▶ Problem: Look below for the line with "아래에 있는 것은 양반" and the line with "Nivea Men Fresh". Copy exactly those two lines and every line between, but not the pictures.

Data entries:

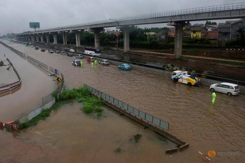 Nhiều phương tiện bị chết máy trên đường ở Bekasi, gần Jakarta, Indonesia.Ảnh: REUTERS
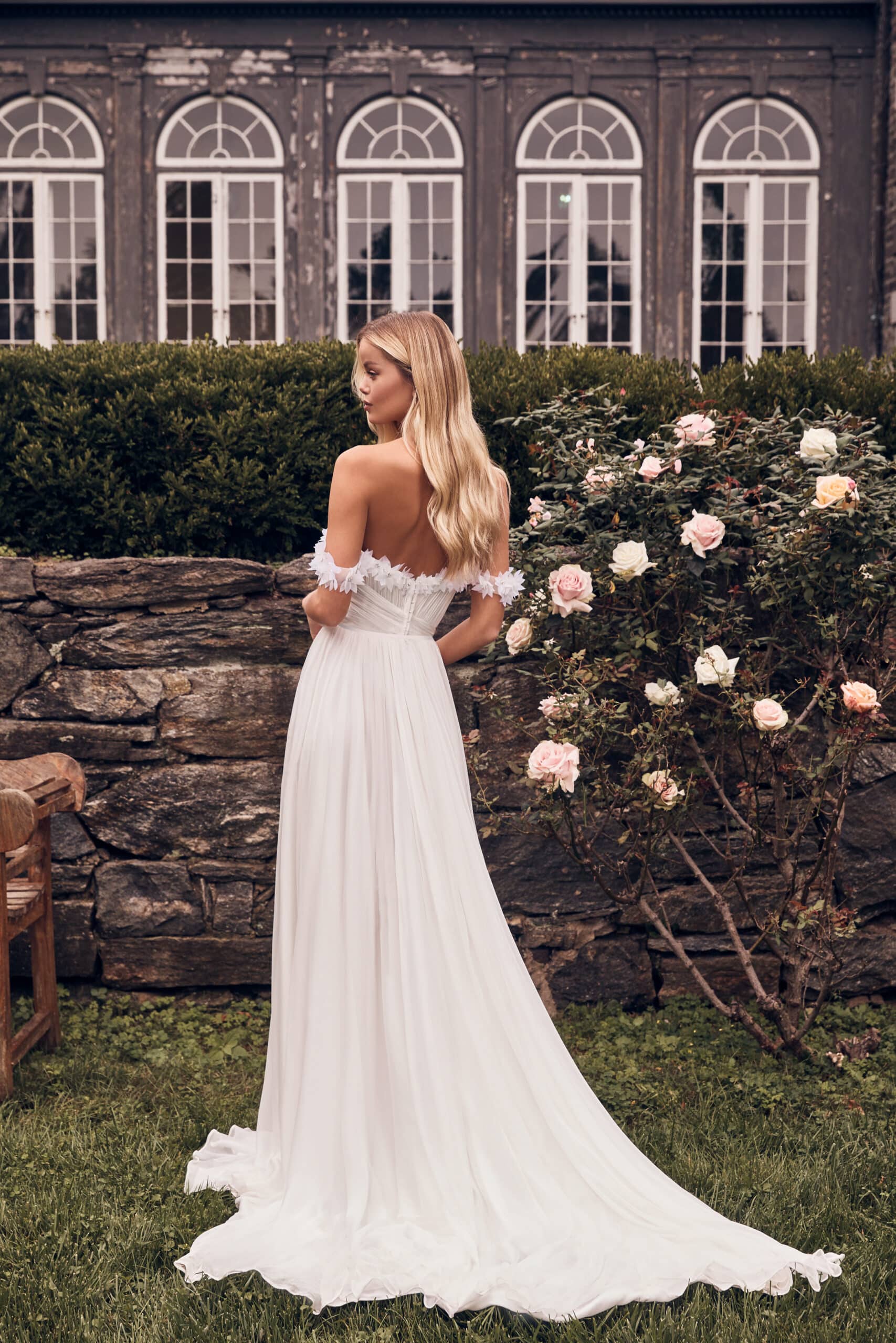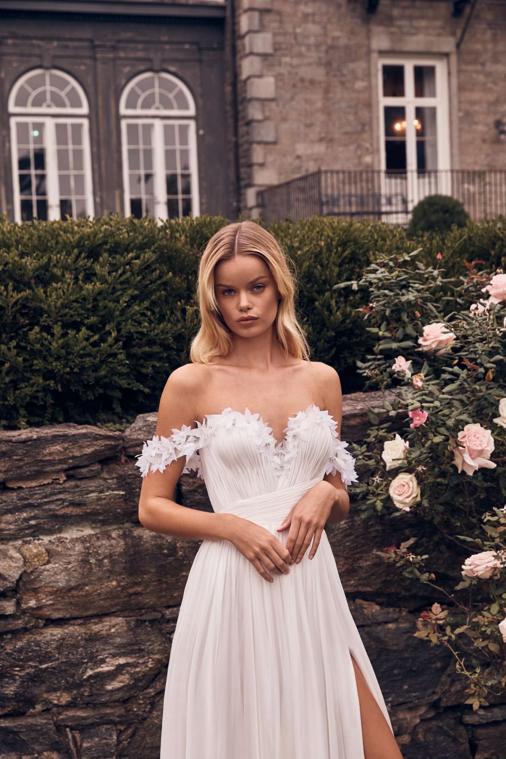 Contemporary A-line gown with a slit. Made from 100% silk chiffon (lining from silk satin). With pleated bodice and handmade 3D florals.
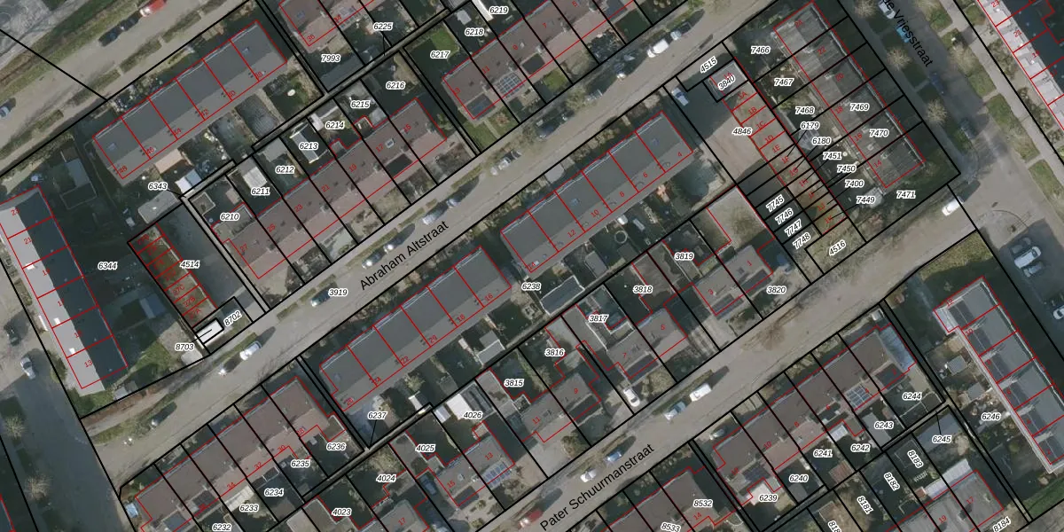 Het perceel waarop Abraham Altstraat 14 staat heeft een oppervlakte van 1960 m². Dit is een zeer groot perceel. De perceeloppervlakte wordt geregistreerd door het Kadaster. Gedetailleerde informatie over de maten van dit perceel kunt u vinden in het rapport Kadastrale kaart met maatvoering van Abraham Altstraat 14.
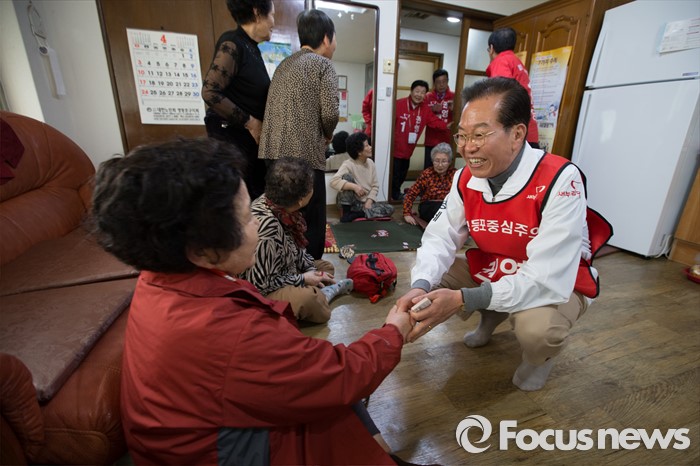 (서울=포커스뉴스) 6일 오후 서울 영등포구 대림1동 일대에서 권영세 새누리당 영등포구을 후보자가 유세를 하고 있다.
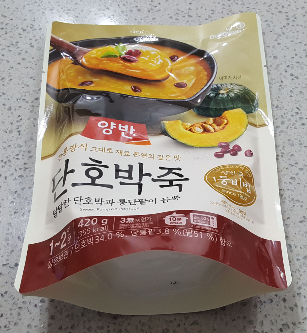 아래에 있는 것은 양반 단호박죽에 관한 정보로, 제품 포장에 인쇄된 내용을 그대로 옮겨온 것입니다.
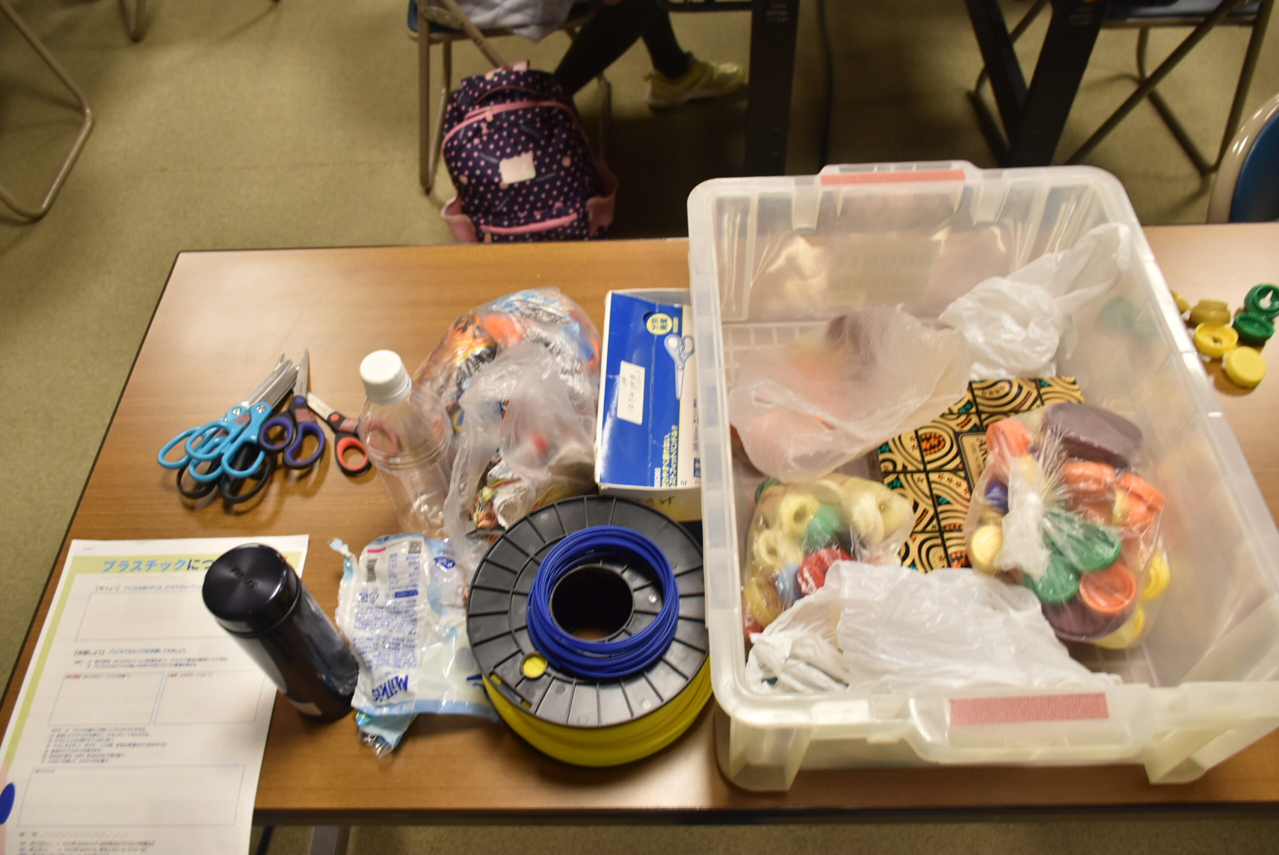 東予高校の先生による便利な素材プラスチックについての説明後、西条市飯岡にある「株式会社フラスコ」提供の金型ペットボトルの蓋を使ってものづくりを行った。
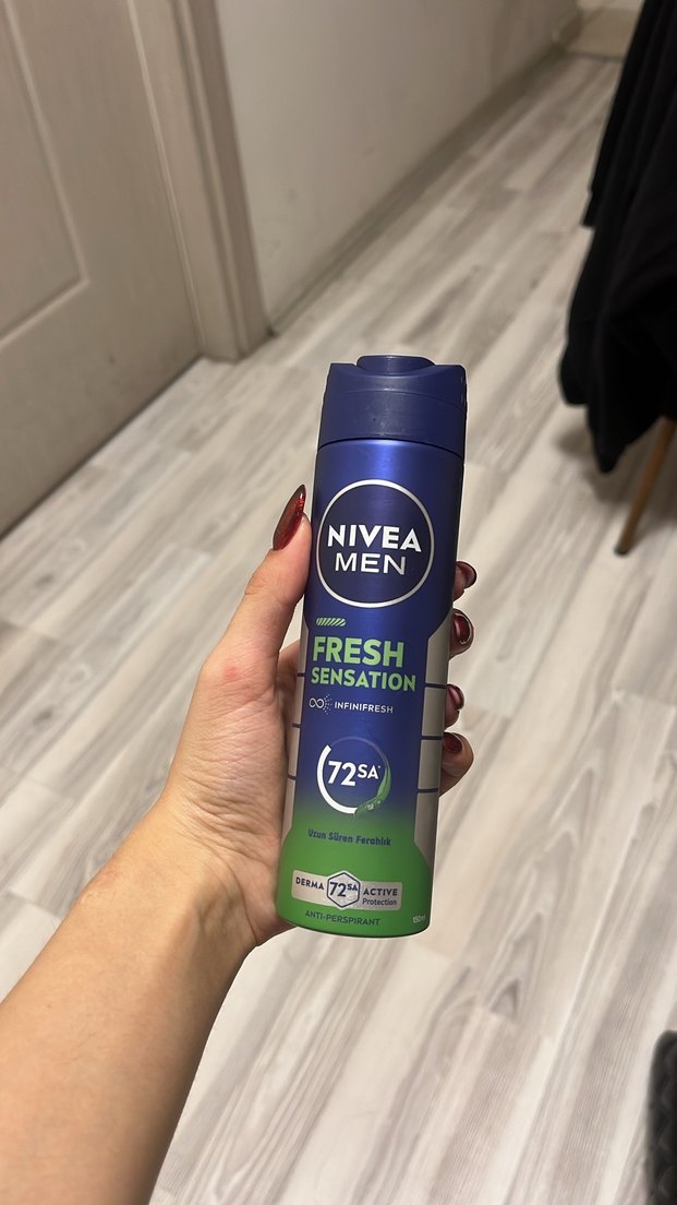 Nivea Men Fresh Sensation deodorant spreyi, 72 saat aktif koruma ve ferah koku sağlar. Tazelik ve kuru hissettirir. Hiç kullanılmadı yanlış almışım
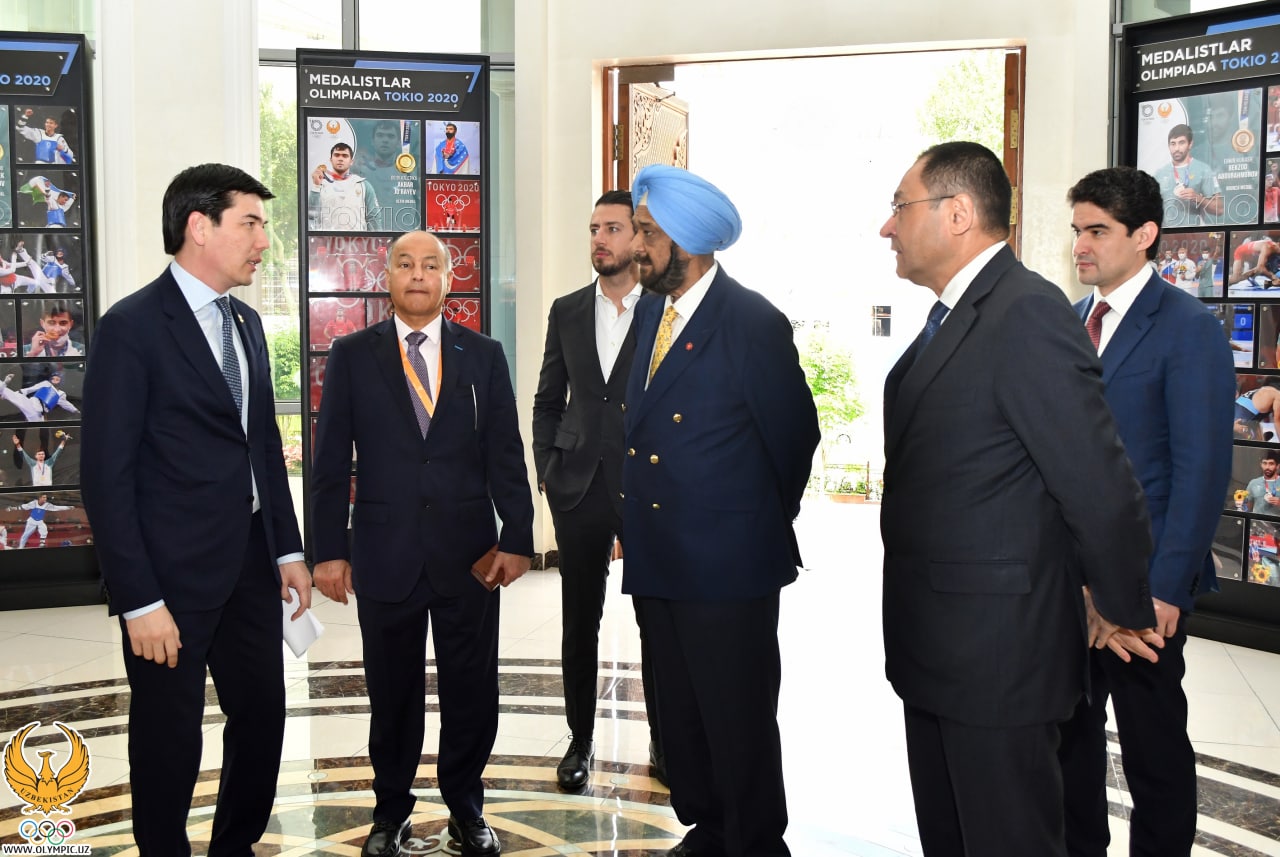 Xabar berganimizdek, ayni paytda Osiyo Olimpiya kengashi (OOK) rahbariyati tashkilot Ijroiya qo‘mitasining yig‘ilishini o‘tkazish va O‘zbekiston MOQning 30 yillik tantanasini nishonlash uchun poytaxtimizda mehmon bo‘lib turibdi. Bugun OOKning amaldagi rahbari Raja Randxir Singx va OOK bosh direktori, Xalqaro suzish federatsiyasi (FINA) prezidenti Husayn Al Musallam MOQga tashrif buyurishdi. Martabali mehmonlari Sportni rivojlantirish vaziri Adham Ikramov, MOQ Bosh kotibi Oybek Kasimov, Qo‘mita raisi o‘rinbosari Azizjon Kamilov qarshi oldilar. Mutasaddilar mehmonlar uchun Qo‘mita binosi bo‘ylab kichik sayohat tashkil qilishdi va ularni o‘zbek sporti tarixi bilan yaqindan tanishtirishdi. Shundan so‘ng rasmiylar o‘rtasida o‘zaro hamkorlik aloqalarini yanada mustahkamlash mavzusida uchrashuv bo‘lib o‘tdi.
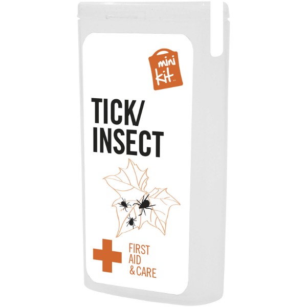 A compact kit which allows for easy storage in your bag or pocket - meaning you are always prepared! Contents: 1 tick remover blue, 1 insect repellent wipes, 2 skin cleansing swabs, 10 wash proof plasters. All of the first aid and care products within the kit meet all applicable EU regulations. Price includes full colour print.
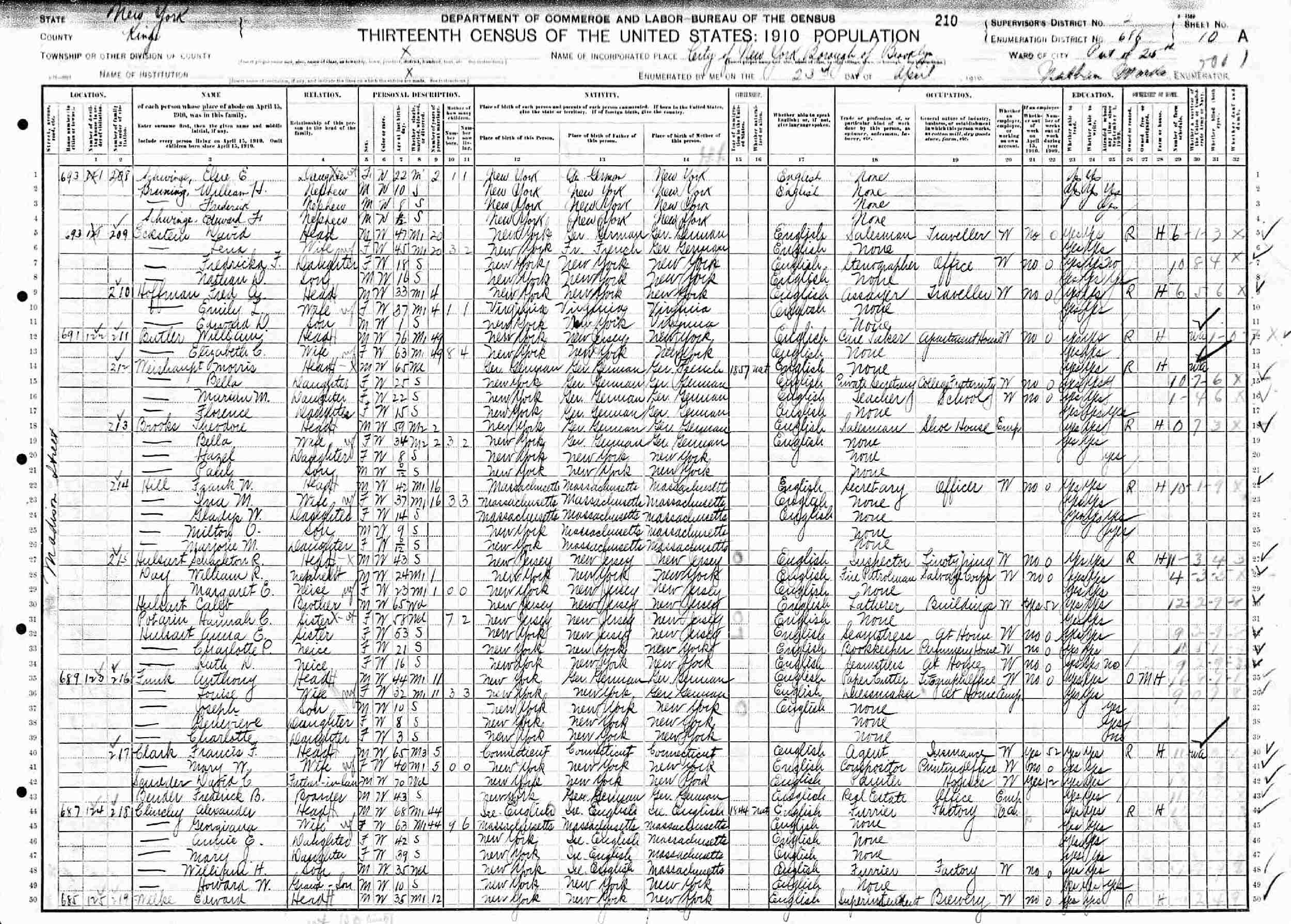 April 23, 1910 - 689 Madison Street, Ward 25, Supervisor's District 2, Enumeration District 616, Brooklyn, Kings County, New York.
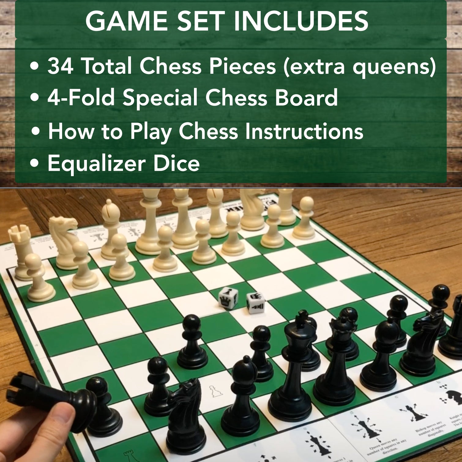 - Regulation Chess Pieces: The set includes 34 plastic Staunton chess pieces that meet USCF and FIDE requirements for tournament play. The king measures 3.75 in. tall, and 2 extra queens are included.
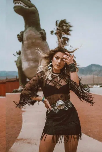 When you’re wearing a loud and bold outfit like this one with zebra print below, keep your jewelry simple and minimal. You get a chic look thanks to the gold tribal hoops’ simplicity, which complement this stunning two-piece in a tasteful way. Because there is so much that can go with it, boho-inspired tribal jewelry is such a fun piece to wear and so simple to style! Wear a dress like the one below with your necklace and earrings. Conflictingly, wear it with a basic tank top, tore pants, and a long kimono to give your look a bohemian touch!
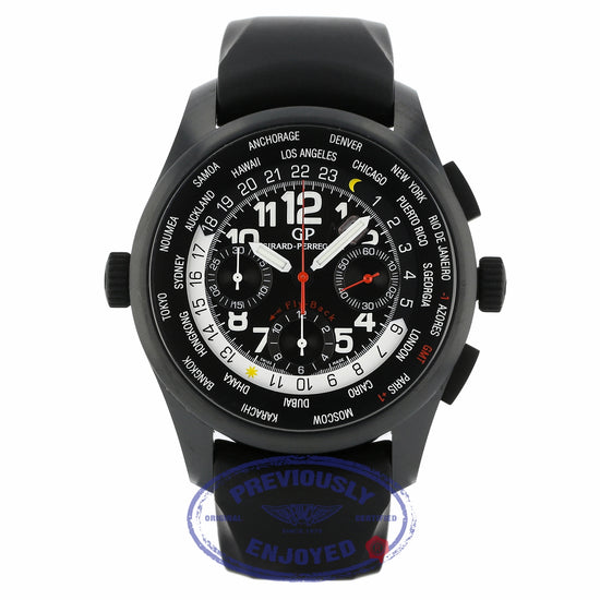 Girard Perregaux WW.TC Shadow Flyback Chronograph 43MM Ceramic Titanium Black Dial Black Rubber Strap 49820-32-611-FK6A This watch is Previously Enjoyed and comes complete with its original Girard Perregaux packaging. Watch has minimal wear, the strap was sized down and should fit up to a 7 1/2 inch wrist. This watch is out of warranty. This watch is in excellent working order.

▶ Written solution:
 아래에 있는 것은 양반 단호박죽에 관한 정보로, 제품 포장에 인쇄된 내용을 그대로 옮겨온 것입니다.
 東予高校の先生による便利な素材プラスチックについての説明後、西条市飯岡にある「株式会社フラスコ」提供の金型ペットボトルの蓋を使ってものづくりを行った。
 Nivea Men Fresh Sensation deodorant spreyi, 72 saat aktif koruma ve ferah koku sağlar. Tazelik ve kuru hissettirir. Hiç kullanılmadı yanlış almışım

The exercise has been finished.